My husband leaves his phone - also an iPhone 5 - in the car and uses it for nothing more than making calls. Our smart TV is a year old; before that, we watched television on a bulky Sony from the 1990s. We don't have any of those Alexa or Google Home gadgets.
As a family, we are the antithesis of "wired," which has dovetailed with our general lack of media consumption overall: My older son saw his first movie when he was 5 and was allowed to see only one movie a year till he turned 8. The television is never on during the day.
We've never had a Wii, PlayStation or Xbox. A friend, whose son has all those things, describes our home life as "a bit Little House on the Prairie''. (Which in itself goes back to something my husband said to me right before our first son was born: "Let's have Renaissance children. Art, literature, music.")
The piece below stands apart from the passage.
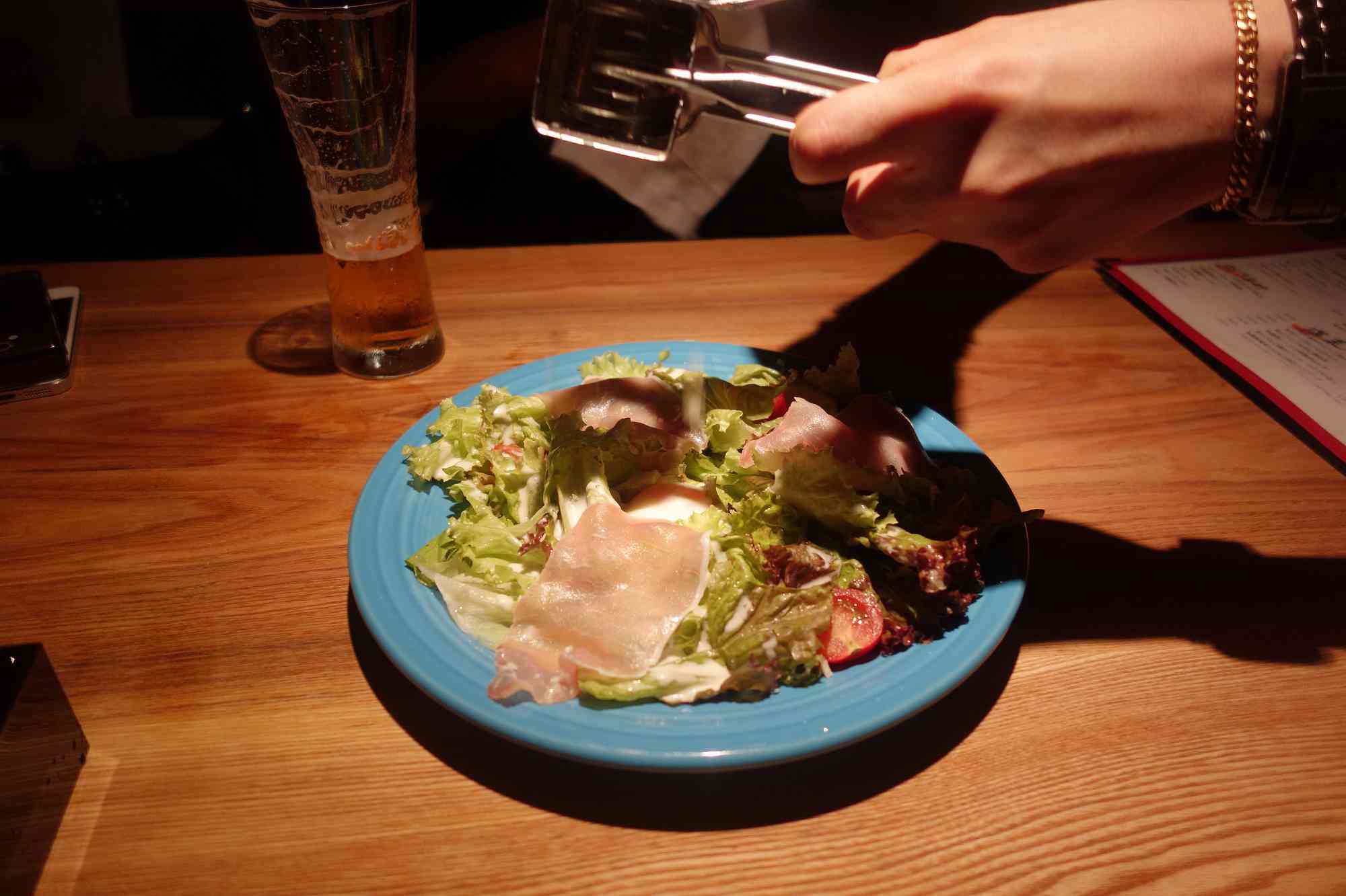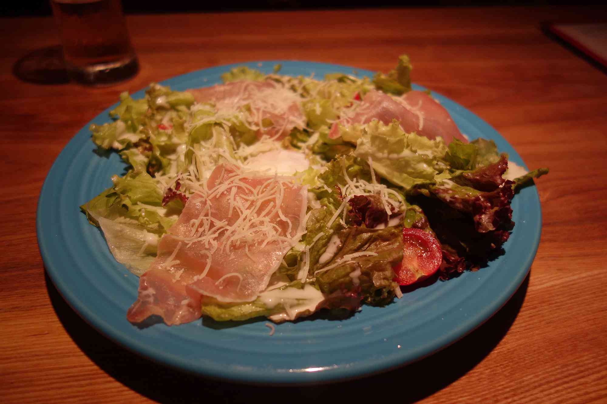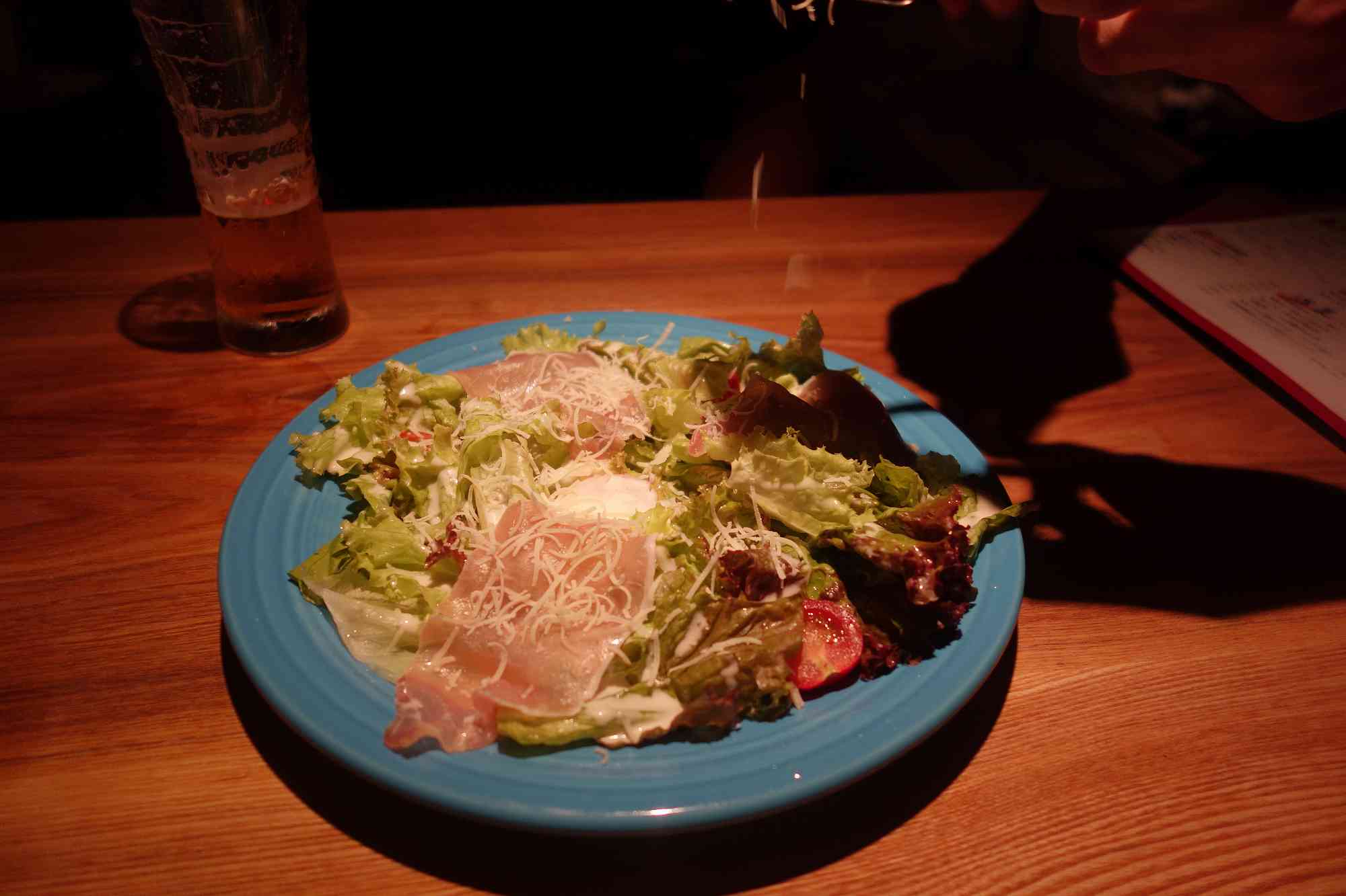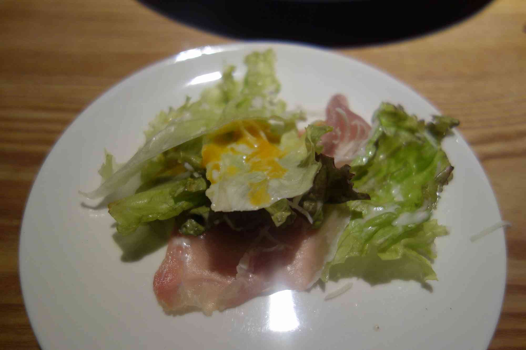 その後は前菜代わりに頂いた、温泉卵と生ハムのシーザーサラダ780円が運ばれ

Somehow, we've also circumvented the practical necessities of having to arm our kids with phones. They are generally either with my husband or myself. If they are with a friend, another parent is on hand, so I've always had a way of reaching them. I always know where they are and whom they're with.
That doesn't mean there haven't been moments when I've thought a phone would be a good idea, especially for the older one, who started taking classes at community college when he was 14.
At college, he began working on a duet with a 22-year old cellist named Alec. They had to set up a rehearsal schedule. Those texts went back and forth between my phone and Alec's. If I was waiting outside the building for them to finish, I had to ping Alec with an annoying, "Are you done yet?"
Once, after my son got out of class 20 minutes early and was hanging around waiting for me to pick him up, I did ask him - begrudgingly - if he'd like a phone.
"Not yet," he said. "I don't want to be responsible for it."
I was profoundly relieved.
Since he turned 16, however, he has started to change his mind. He has seen the allure of the conviviality of the group text and has felt pained at the exclusion from the communication.
He is often shut out of social events because he doesn't know about them. We have two landlines at home - more indicators of our prehistoric habits - and I encourage him to use them to call people he'd like to see. He says, perhaps rightly, "That's stupid. Nobody talks on the phone."
At Thanksgiving, he sat next to a girl his age, who was showing him her Instagram page. On the way home, for the first time, he said to me, "Can I have a phone?" For me, it was like the sudden end of a relationship. I asked him why. I needed to know what had changed. Was he unhappy? Bored? Lonely? What had I done?
"Chill, mom," he said. "It's just a phone."
I can't chill. The thought of handing him a smartphone fills me with anxiety.
It signifies the end of his innocence and my control. It means unfettered access to an entire dark world, vulnerability to cyber trolls and bullies, secrets encased in a slender device tucked into his back pocket.
I envision arguments over screen time, the use of the phone at the dinner table, the "who are you texting?" questions. I remind myself of the unnerving stories: the 15-year-old daughter of my neighbour who sneaked out at 2am, called an Uber and went to a boyfriend's house, of teens getting drunk together on FaceTime, of sharing Tide Pod dares, of ill-conceived liaisons that never would have happened without the intimacy afforded by late-night texts.
But I know the rumblings of his discontent will only get louder, and one day I will cave. After all, as I remind myself, the Renaissance eventually ended, too.